Strings and Runes in COBOL

In COBOL, strings are handled differently compared to many modern languages. COBOL uses fixed-length or variable-length character fields to store text data. The concept of Unicode and UTF-8 encoding is not natively supported in traditional COBOL, but some modern COBOL compilers provide extensions for Unicode support.

       IDENTIFICATION DIVISION.
       PROGRAM-ID. STRING-EXAMPLE.
       ENVIRONMENT DIVISION.
       DATA DIVISION.
       WORKING-STORAGE SECTION.
       01 WS-THAI-HELLO    PIC X(18) VALUE "สวัสดี".
       01 WS-COUNTER       PIC 9(2).
       01 WS-CHAR          PIC X.

       PROCEDURE DIVISION.
       MAIN-PROCEDURE.
           DISPLAY "Len: " FUNCTION LENGTH(WS-THAI-HELLO)

           PERFORM VARYING WS-COUNTER FROM 1 BY 1
               UNTIL WS-COUNTER > FUNCTION LENGTH(WS-THAI-HELLO)
               MOVE WS-THAI-HELLO(WS-COUNTER:1) TO WS-CHAR
               DISPLAY FUNCTION HEX-OF(WS-CHAR) WITH NO ADVANCING
               DISPLAY " " WITH NO ADVANCING
           END-PERFORM
           DISPLAY SPACE

           DISPLAY "Character count: " FUNCTION LENGTH(WS-THAI-HELLO)

           STOP RUN.

In this COBOL program:

  1. We define a string WS-THAI-HELLO containing the Thai word for “hello”. COBOL doesn’t have native support for UTF-8, so this might not display correctly in all environments.

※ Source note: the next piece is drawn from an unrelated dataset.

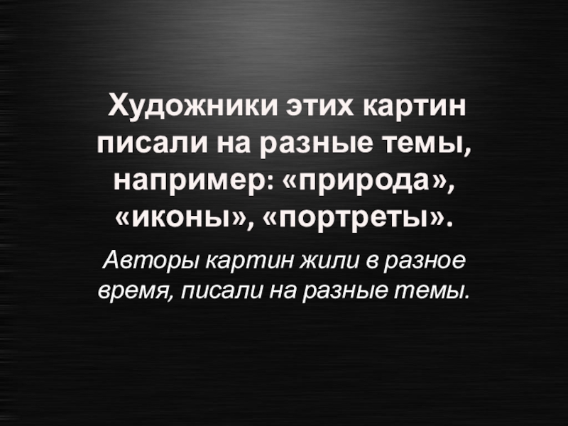 Слайд 44 Художники этих картин писали на разные темы, например: «природа», «иконы»,

  2. We use FUNCTION LENGTH to get the length of the string. This is equivalent to the len() function in many other languages.

  3. We iterate through each character of the string using a PERFORM loop. This is similar to the for loop in the original example.

  4. We display the hexadecimal representation of each character using FUNCTION HEX-OF. This is not exactly the same as the original example, as it will show the ASCII or EBCDIC hex values, not UTF-8 bytes.

  5. We count the characters using FUNCTION LENGTH. Note that this will count each byte as a separate character, unlike the RuneCountInString function in the original example which counts Unicode code points.

COBOL doesn’t have a built-in concept of “runes” or Unicode code points. Handling Unicode in COBOL typically requires using specific compiler extensions or external libraries, which are beyond the scope of this basic example.

To run this COBOL program:

$ cobc -x string-example.cob
$ ./string-example
Len: 18
E0 B8 AA E0 B8 A7 E0 B8 B1 E0 B8 AA E0 B8 94 E0 B8 B5 
Character count: 18

Note that the output may vary depending on your COBOL compiler and system encoding. The hexadecimal values shown here assume an ASCII-based system.

COBOL’s string handling is quite different from many modern languages, especially when it comes to Unicode support. For more complex Unicode operations, you might need to use specific COBOL compiler extensions or integrate with external libraries.